Your task: Once the line containing "- Breathtaking Italian" is found, please copy it and all lines after it through the end of the records, exactly, leaving out pictures.

Record extracts:
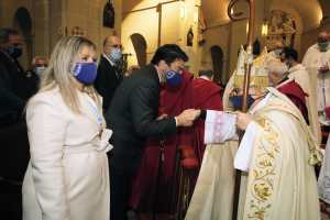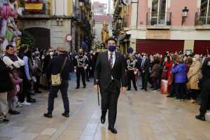 El primer edil ha abandonado la comitiva pocos metros antes de que llegara a la Plaza del Ayuntamiento. Se ha dirigido a la puerta principal del Edificio Barroco para esperar la llegada de la imagen del Patrón y pronunciar el Voto a la Ciudad. Ha recordado la celebración del pasado año cuando no hubo procesión y el acto de reconocimiento al Patrón se tuvo que desarrollar en el interior de la Concatedral.
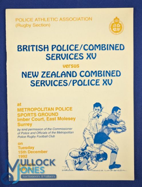 1992 British Police v NZ Combined Services Rugby Programme: In this large glossy, from the Met Police Ground, we find Paul Hull, Kenny Waters, Huw Williams-Jones, Martin Bayfield, Tim Rodber and Dean Richards, while for the visitors one Constable Steve Hansen was to be found. Anyone hear of him later on? Excellent
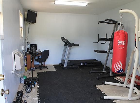 Beautiful home with lots of storage! Master bath with step-up whirlpool tub, shower and double sinks. Two-car attached garage and 2-car air conditioned detached garage with exercise room! Great lot with home built off of road.
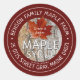 Etikett aus bearbeitbarem Ahornsirup mit Ahornrinde und rotem Blatt.
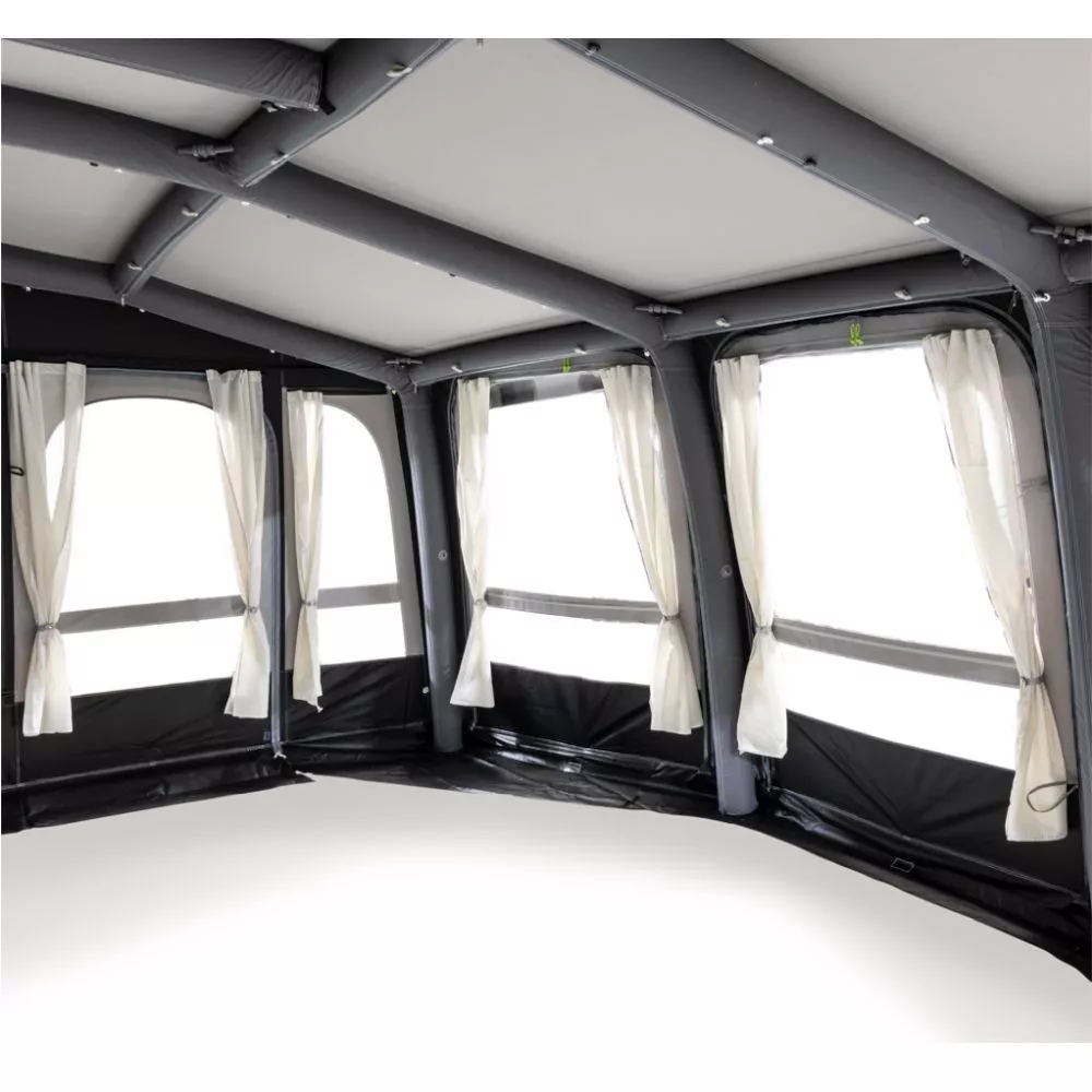 Das Luftvorzelt Ace Air All-Season 400 von Dometic bietet Stil und volle Funktionalität. An heissen Sommertagen kannst du Front- und Seitenelemente per Reissverschluss entfernen. So entsteht ein luftiges Pavillion. Grosse Panoramafenster lassen viel Tageslicht ins Zeltinnere und von drinnen hast du einen hervorragenden Blick nach draussen. Um deine Privatsphäre zu bewahren, kannst du die mitgelieferten Vorhänge schliessen.
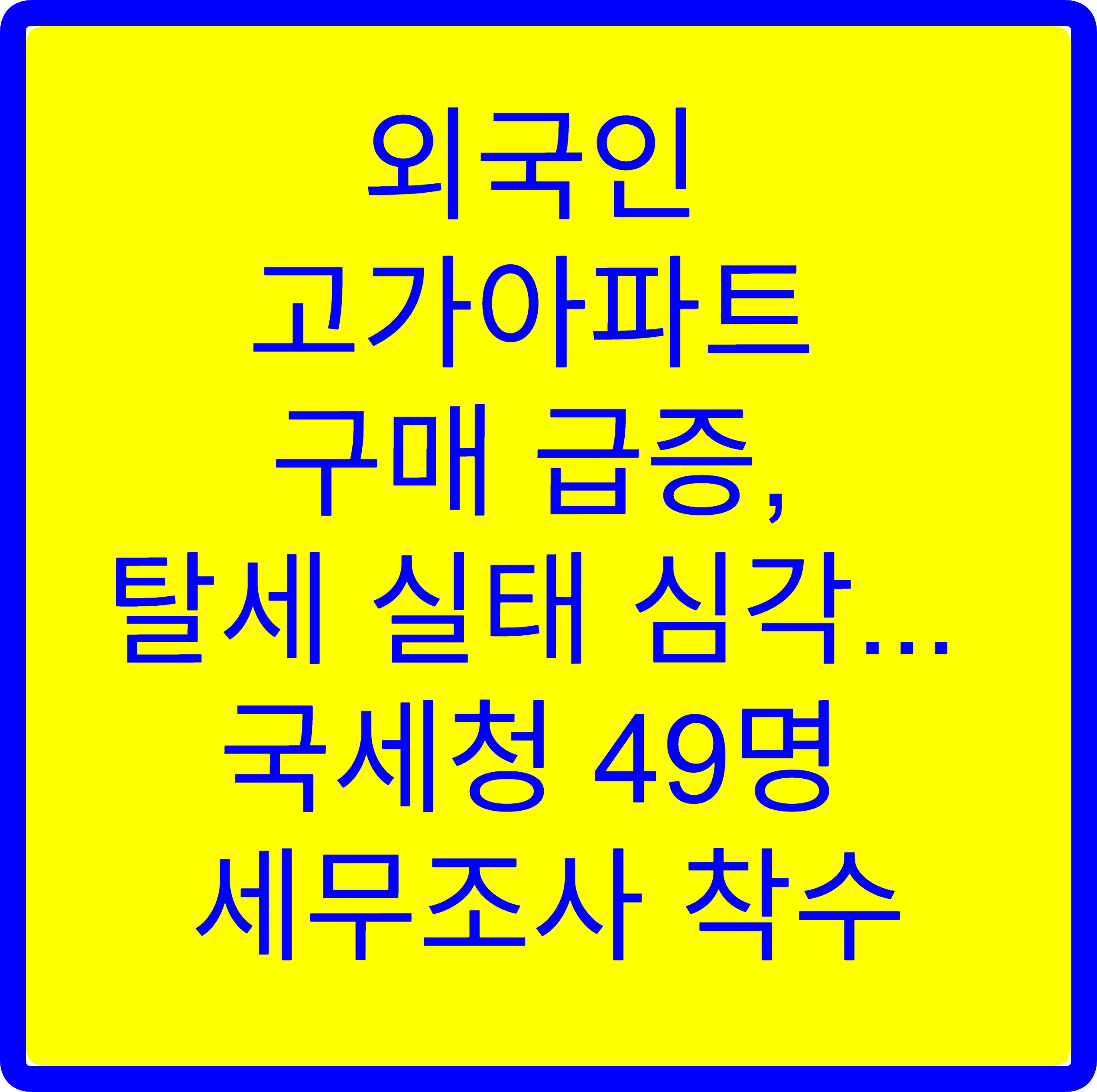 외국인 고가아파트 구매 급증, 탈세 실태 심각... 국세청 49명 세무조사 착수
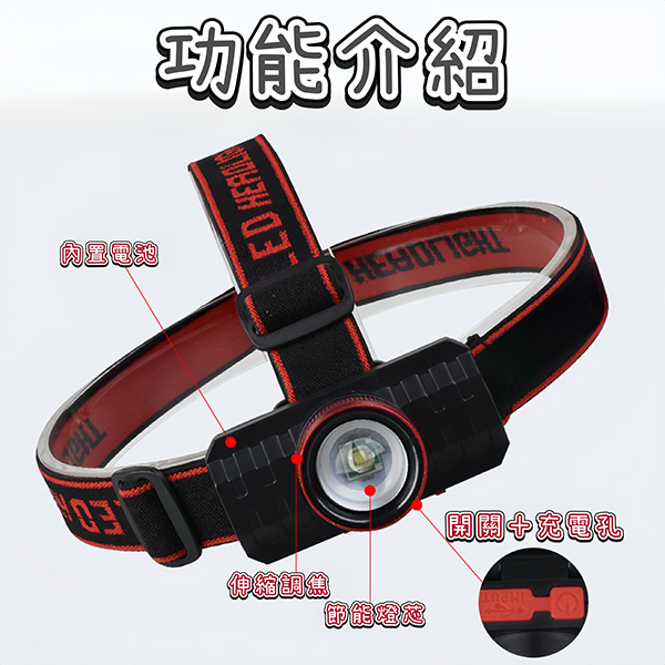 這款XPE-LED變焦頭燈專為戶外探索、露營、徒步旅行等活動設計,
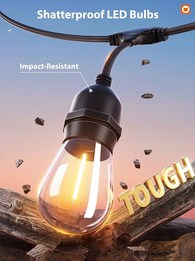 - Breathtaking Italian Bistro Style Lighting : Each strand features 15 vintage-inspired hanging sockets with shatterproof LED edison bulbs, spaced 3.11 feet apart for a captivating, even glow. Enjoy brighter, energy-efficient outdoor lights that enhances every outdoor moment with timeless charm and lower electricity costs.
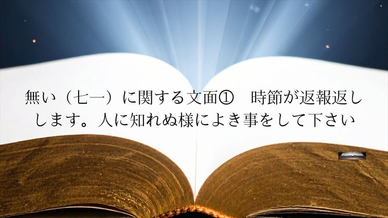 よ(四)き事も現れると帳消しになるので、人に知れぬ様によき事をして下さい。

Task solution:
 - Breathtaking Italian Bistro Style Lighting : Each strand features 15 vintage-inspired hanging sockets with shatterproof LED edison bulbs, spaced 3.11 feet apart for a captivating, even glow. Enjoy brighter, energy-efficient outdoor lights that enhances every outdoor moment with timeless charm and lower electricity costs.
 よ(四)き事も現れると帳消しになるので、人に知れぬ様によき事をして下さい。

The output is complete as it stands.